Duck Pond. Use Google Maps and look for it on the reservation--zoom in to see it. It's back in the woods a sways, but I went there last year and saw countless Bass swimming in the clear water. Couldn't catch any though.

KsB


----------



## Luck E Strike (Oct 3, 2007)

*eglin bass*

Go to Hurlburt and fish gator lake,you need a boat.It is on the golf coarse.There are some monsters in there.watch out for all the snakes and of coarse the alligators.should have some good luck there


----------



## jesse1378 (Mar 29, 2010)

duck and indigo are good. only caught 2 outt of indigo my buddy sent me a pick of a 5lber he caught yesterday out there. duck is really clear and have yet to catch anything out there. weekly pond is also a nice pond. its catch and release only but its on eglin main so its a quick stop on the way home after work. i'm out there all the time. you can fish the memorials. they are the one by the bx on eglin. they have ramps, upper's ramp is a bit messed up b/c some jack a$$ dug all kinds of ruts into it. i fish for bass on base all the time. if you wanna go sometime shoot me a PM.


----------



## jstblsd (Jul 6, 2010)

Duck Pond is a challenge for bass but the bluegills are monsters!
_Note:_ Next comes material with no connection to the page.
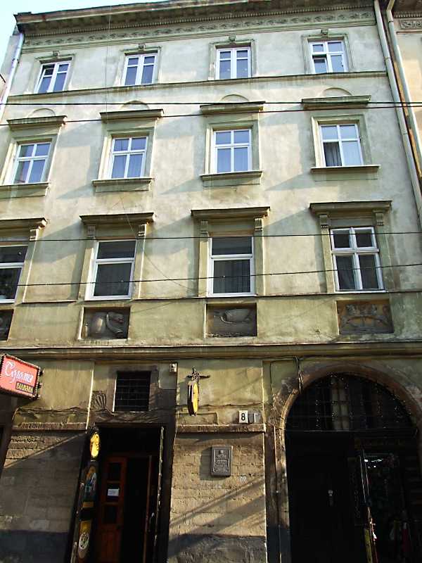 ЖИЛОЙ ДОМ, XVII в. (ул. Русская, 8). Перестроен в 1740 г. Кирпичный, четырехэтажный, выходит на улицу узким фасадом. Фасад украшен рельефами с изображениями львов, дельфинов и кораблей. [Памятники градостроительства и архитектуры УССР. – К.: Будівельник, 1985 г., т. 3, с. 41].

They are redoing Anderson Pond so it will be ready again in about 6 months. I just found that out last week.


----------



## MissStateFan (Apr 13, 2011)

*Fished Duck and JR Walton*

We did really well with bluegill at duck but nothing at JR Walton. I enjoyed Duck. I'm not used to lakes with clear water. However, it makes for a difficult day. Its is hard to see all these big bass but not be able to catch them. Thanks for the advice though. I think next i'll check out the Timberlake.


----------



## prgault (May 25, 2008)

some of the creeks can be fun to fish as well. Titi Ceek north of Indigo Pond for instance and another is north of Junior walton Pond on 211. Or any bridge. We use beetle spins mostly.

P_


----------



## Pinksnappertrapper (Dec 7, 2007)

Use a lizard this time of year, no weight.


----------



## jstblsd (Jul 6, 2010)

Is there a boat launch for Indigo Pond?


----------



## fwbdave (Nov 29, 2009)

Yes it does. Pay close attention to your size limits. They will ticket you. They waited until I was leaving and pulled me over and checked. I didnt keep any though, so it didnt matter.


----------



## jstblsd (Jul 6, 2010)

Wow! That's crazy thanks. I don't keep anything out of limits so I should be good. Thanks for the heads up.


----------